L’exposition Warhol Underground, qui aura lieu au Centre Pompidou-Metz du 1er juillet au 23 novembre 2015, mettra en lumière l’influence de la scène musicale et de l’avant- garde chorégraphique new-yorkaises dans l’œuvre d’Andy Warhol (1928-1987). Elle sera l’occasion de célébrer les cinquante ans de la rencontre de Warhol avec le groupe de rock new-yorkais The Velvet Underground, dont il devint le producteur.

« Je n’ai jamais voulu être peintre, j’ai toujours voulu être danseur de claquettes », déclarait Warhol, alors même que l’oeuvre du pape du pop art est souvent réduite à sa dimension picturale. « Je ne peins plus. J’ai abandonné la peinture il y a à peu près un an et maintenant je ne fais plus que des films. La peinture était seulement une phase que j’ai traversée », ajoutait-il. Nombre de déclarations de l’artiste montrent combien son oeuvre, extrêmement protéiforme, a dépassé la peinture, ainsi qu’il aimait lui-même à le penser.
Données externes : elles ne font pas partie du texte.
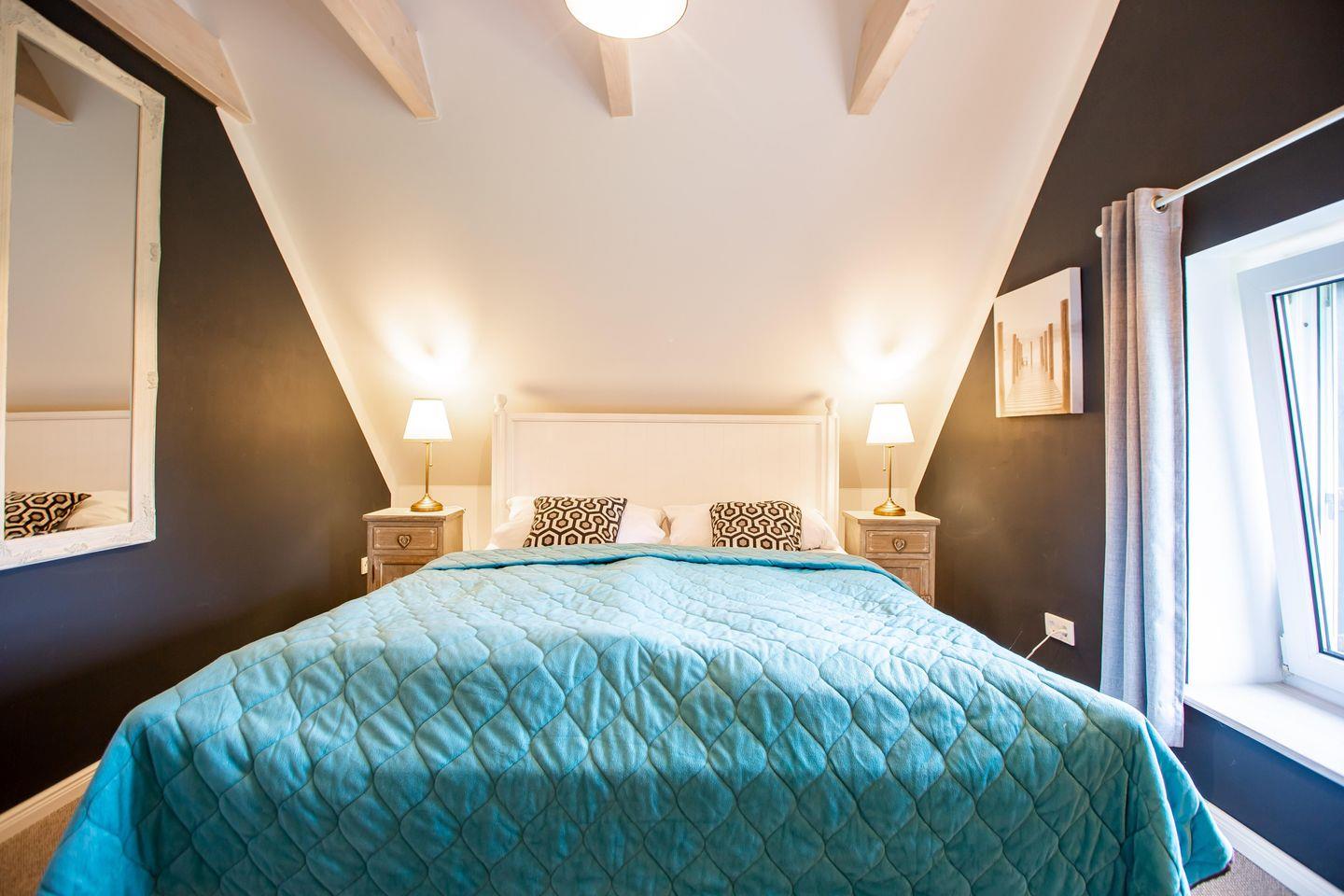 Im Obergeschoss erwarten dich zwei weitere Schlafzimmer mit Doppelbetten (160 cm und 140 cm), eines davon mit zusätzlichem TV. Ein helles Galeriezimmer mit Schreibtisch bietet dir zudem die Möglichkeit, auch im Urlaub entspannt zu arbeiten. Abgerundet wird diese Etage durch ein weiteres Badezimmer mit Dusche und WC.

La musique, présente tout au long du parcours, guidera le visiteur dans une redécouverte de l’oeuvre de Warhol, à travers plus de 150 photos illustrant l’univers underground de son temps, une dizaine de films et quelques unes des oeuvres les plus emblématiques de l’artiste (Ten Lizes, Brillo Soap Pads Box, Big Electric Chair…). S’y ajouteront des émissions ou encore des vidéoclips, donnant une tonalité à la fois visuelle et auditive à l’oeuvre d’Andy Warhol.
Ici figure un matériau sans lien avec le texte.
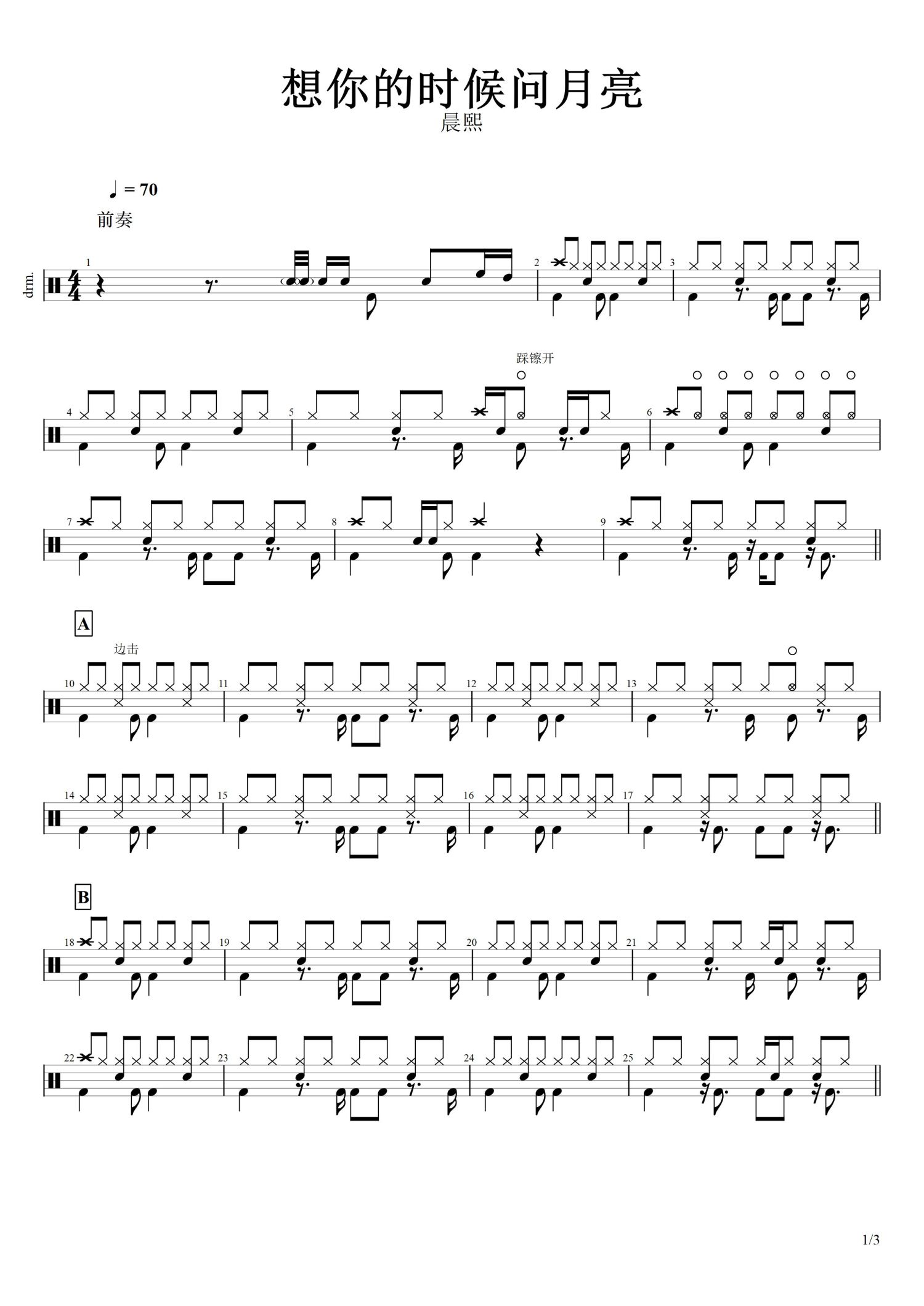 • 想你的时候问月亮鼓谱 - 晨熙 - 架子鼓谱第1张

Revenant sur la rencontre de Warhol avec le Velvet Underground cinquante ans auparavant et sur son caractère décisif, l’exposition évoquera le microcosme de la légendaire Silver Factory, atelier miroir aux murs recouvert de peinture argentée et aux multiples facettes, à la fois lieu de production et d’échanges de la scène underground, ainsi que de démonstrations diverses (concerts, projections, expositions…). La « Fabrique » constitue alors pour les artistes un lieu de résidence ouvert à tous, où Warhol s’emploie à produire des « Superstars ». Elle apparaît alors comme l’archétype de l’oeuvre d’art totale, abritant des séances de spectacle multimédia que Jonas Mekas qualifiait de « cinéma élargi », mélange de performance artistique et de boîte de nuit où la vie et l’oeuvre d’art fusionnent pour ne faire plus qu’un. L’Exploding Plastic Inevitable, présenté dans le cadre de l’exposition, invitera ainsi le visiteur à plonger au coeur de cette expérience fascinante.
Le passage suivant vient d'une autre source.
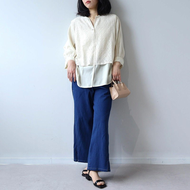 デニムやリネンパンツと合わせれば、程よく力の抜けた、こなれ感のある大人カジュアルな着こなしが楽しめます。

Fin connaisseur de la musique expérimentale de son époque, Warhol en transpose les règles de composition dans le domaine pictural, et s’en inspire pour réaliser toutes sortes d’avatars : pochettes de disques, illustrations, photos, polaroïds… La danse, et plus particulièrement la programmation du Judson Dance Theater, joue également un rôle essentiel dans le modèle que Warhol transpose à la Factory, ainsi que le montrera l’exceptionnelle présentation de Rain Forest, 1968, chorégraphie de Merce Cunningham au cours de laquelle les danseurs évoluent dans les Silver Clouds de Warhol, nuages argentés comme les murs de la Factory.

L’exposition Warhol Underground est réalisée en partenariat avec le Musée Andy Warhol, l’un des quatre Carnegie Museums de Pittsburgh et la Tate Liverpool.
Commissaire : Emma Lavigne, directrice de Pompidou-Metz.